Paragraph 2(e) of the Seventh Schedule to the Income Tax Act[1] deems an employer to grant a taxable benefit to an employee if any service has, at the expense of the employer, been rendered to the employee for his or her private or domestic use.
The taxable benefit which arises in this instance is valued under paragraph 10 of the Seventh Schedule and is included in paragraph (i) of the definition of “gross income” and therefore subject to income tax.[2] The taxable benefit will further be included in the employee’s remuneration[3] and the employer will be obliged to withhold employees’ tax on these amounts.[4]
Where an employer, that is engaged in the business of conveying passengers for reward by sea or air, enables an employee (or relative) to travel overseas for private or domestic purposes, the cash value of the taxable benefit is an amount equal to the lowest fare less any consideration payable by the employee or relative.[5]

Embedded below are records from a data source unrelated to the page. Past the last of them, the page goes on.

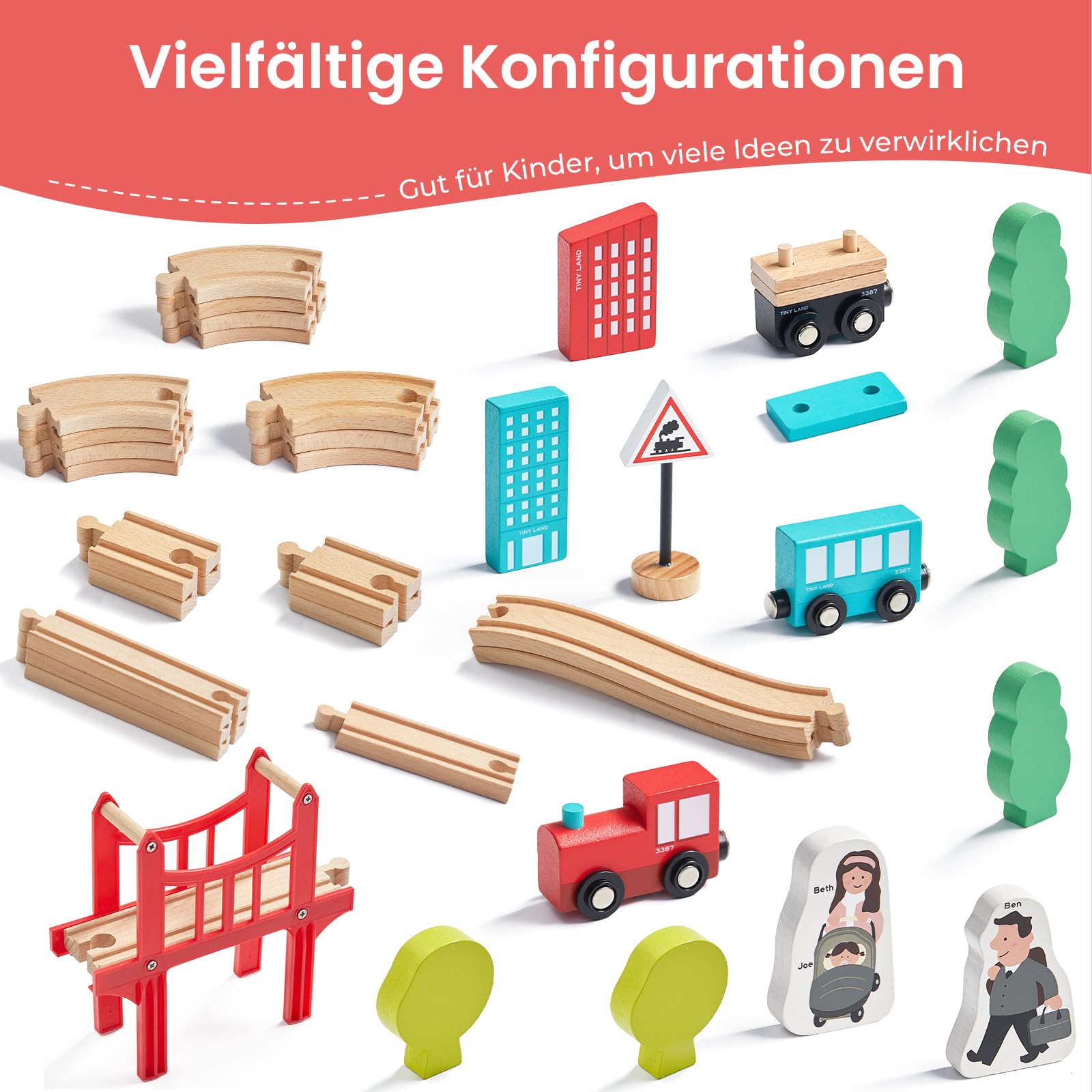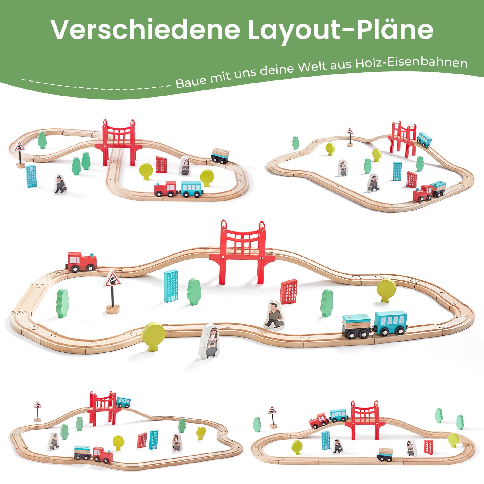 - Premium Holzhandwerkskunst: Diese Holzbahngleis-Sets bestehen aus Buchenholz, robuster als Kiefer, und verfügt über handgeschliffene Kanten, um Kinder beim Spielen besser zu schützen. Sie sind außerdem frei von BPA, Blei und Phthalaten.
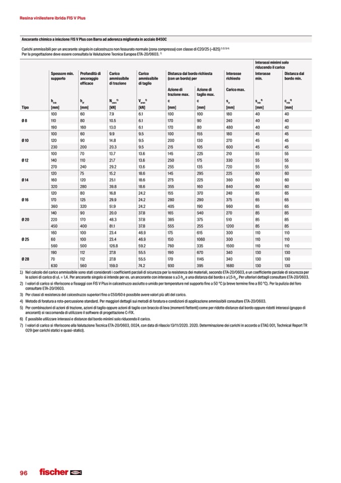 2) IvaloridicaricosiriferisconoafissaggiconFISVPlusincalcestruzzoasciuttooumidopertemperaturenelsupportofinoa50°C(abreveterminefinoa80°C).Perlapuliziadelforo
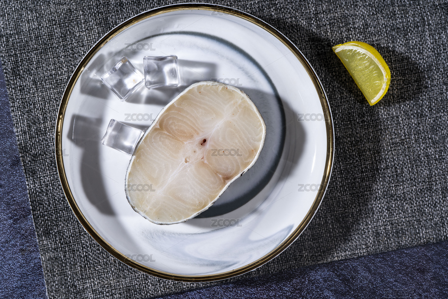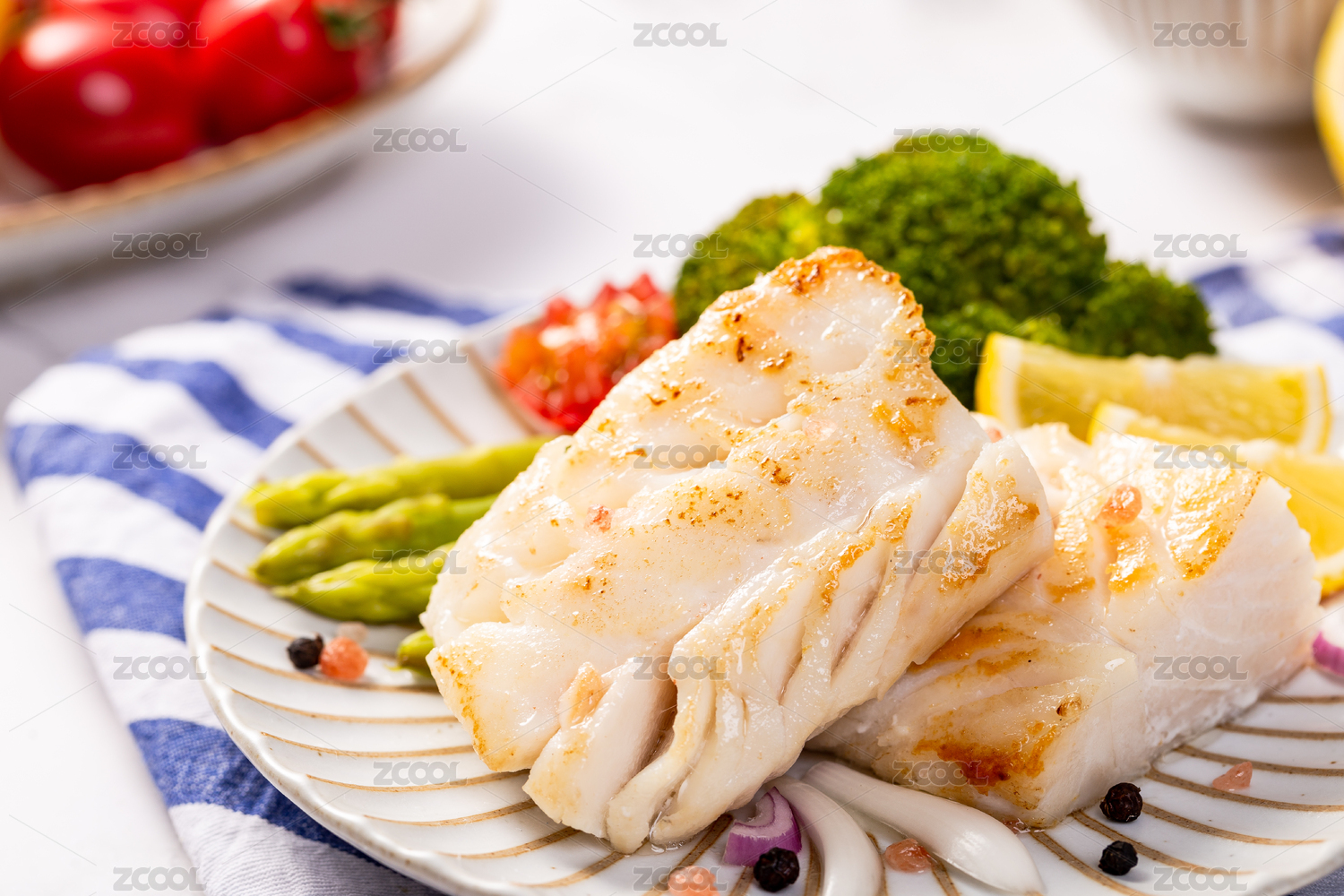 新鮮的生鱈魚(yú)塊擺放在白色的盤(pán)子里

The cash value of a taxable benefit with regards to the rendering of any other service is the cost to the employer in rendering that service or having that service rendered.[6] These services may, therefore, be rendered by the employer or some other person.

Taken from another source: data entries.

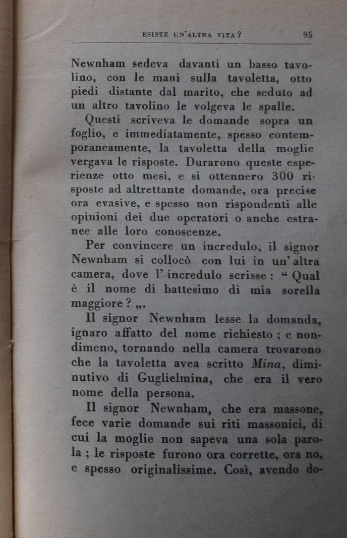 Per convincere un incredulo, il signor Newnham si collocò con lui in un1 altra camera, dove 1' incredulo scrisse : ' Qual è il nome di battesimo di mia sorella maggiore ? „.
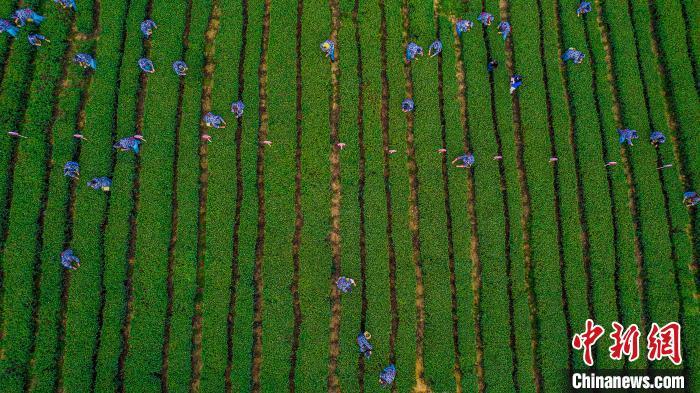 圖為茶農(nóng)們忙采茶?!£惪迫濉z
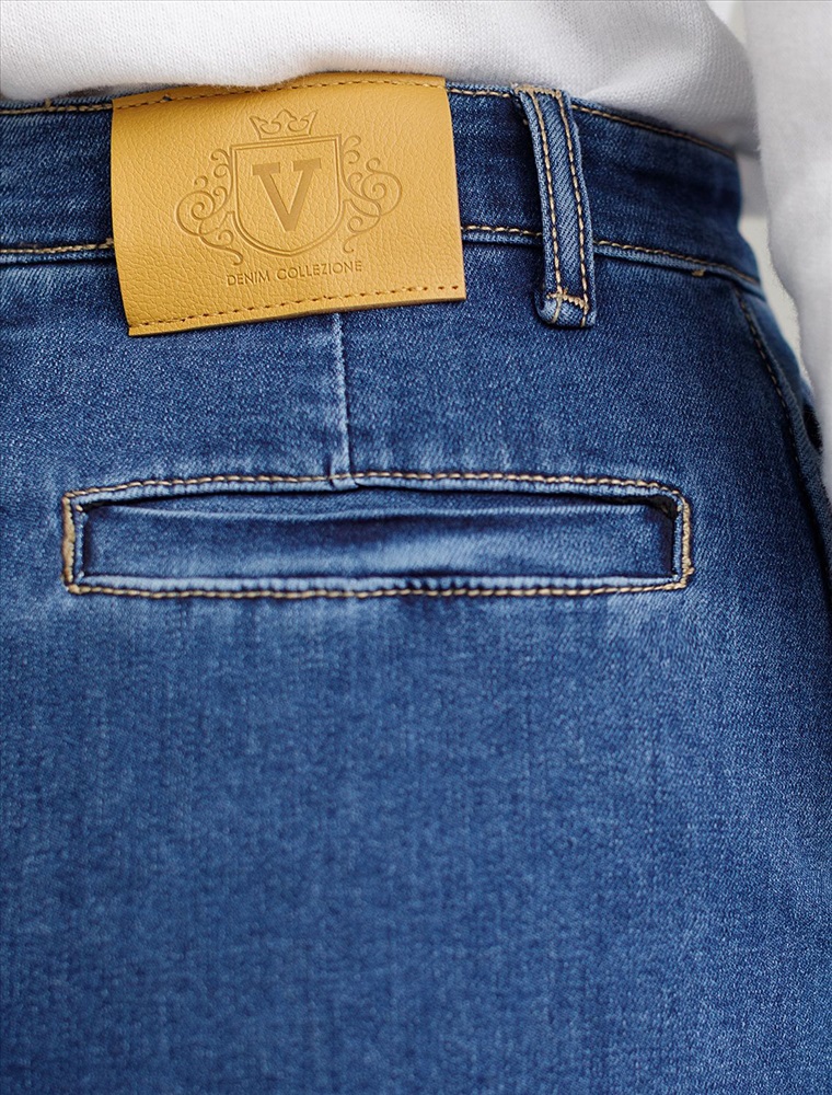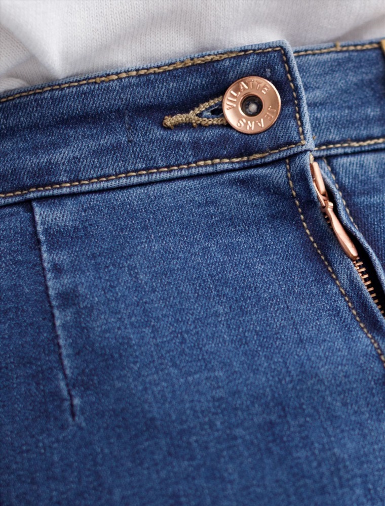Лаконичная джинсовая юбка красивого синего цвета из эластичного денима идеально подходит для создания женственного образа в любое время года, особенно в осенний период. Прямой фасон с высокой посадкой формирует аккуратный силуэт, подчеркивая достоинства фигуры и обеспечивая комфорт при ходьбе. Контрастные швы, отрезанный гладкий край понизу без подгибки и легкая декоративная стирка добавляют современности образу. Особенностью является разрез , который делает повседневную юбку более динамичной и удобной для прогулок или работы в офисе.

Paragraph 10(2)(b) of the Seventh Schedule, however, states that the taxable benefit will attract no value if a transport service is rendered by the employer to its employees in general for the conveyance of such employees from their homes to the place of their employment (and vice versa).
Some uncertainty existed as to the application of the no-value provision. The South African Revenue Service (“SARS”) therefore issued two binding general rulings under section 89 of the Tax Administration Act[7] as well as the recent Interpretation Note 111 to provide clarity on these issues.
In BGR 42 (issued on 22 March 2017) it was considered whether the word “homes” should be restricted to the exact position of an employee’s specific dwelling or whether an employer may arrange for employees living within a certain radius to be collected from or dropped off at a common area or central point between the employees’ homes and place of employment.
In this regard, it was confirmed that the no-value provision would apply to transport services provided to employees to and from any collection or drop-off point en route to or from the employees’ homes and place of employment or any part of that trip.
[1] No 58 of 1962
[2] Section 5(1) of the Income Tax Act.
[3] Paragraph (b) of the definition of “remuneration” in paragraph 1 of the Fourth Schedule.
[4] Paragraph 2(1) of the Fourth Schedule.
[5] Paragraph 10(1)(a) of the Seventh Schedule.
[6] Paragraph 10(1)(b) of the Seventh Schedule.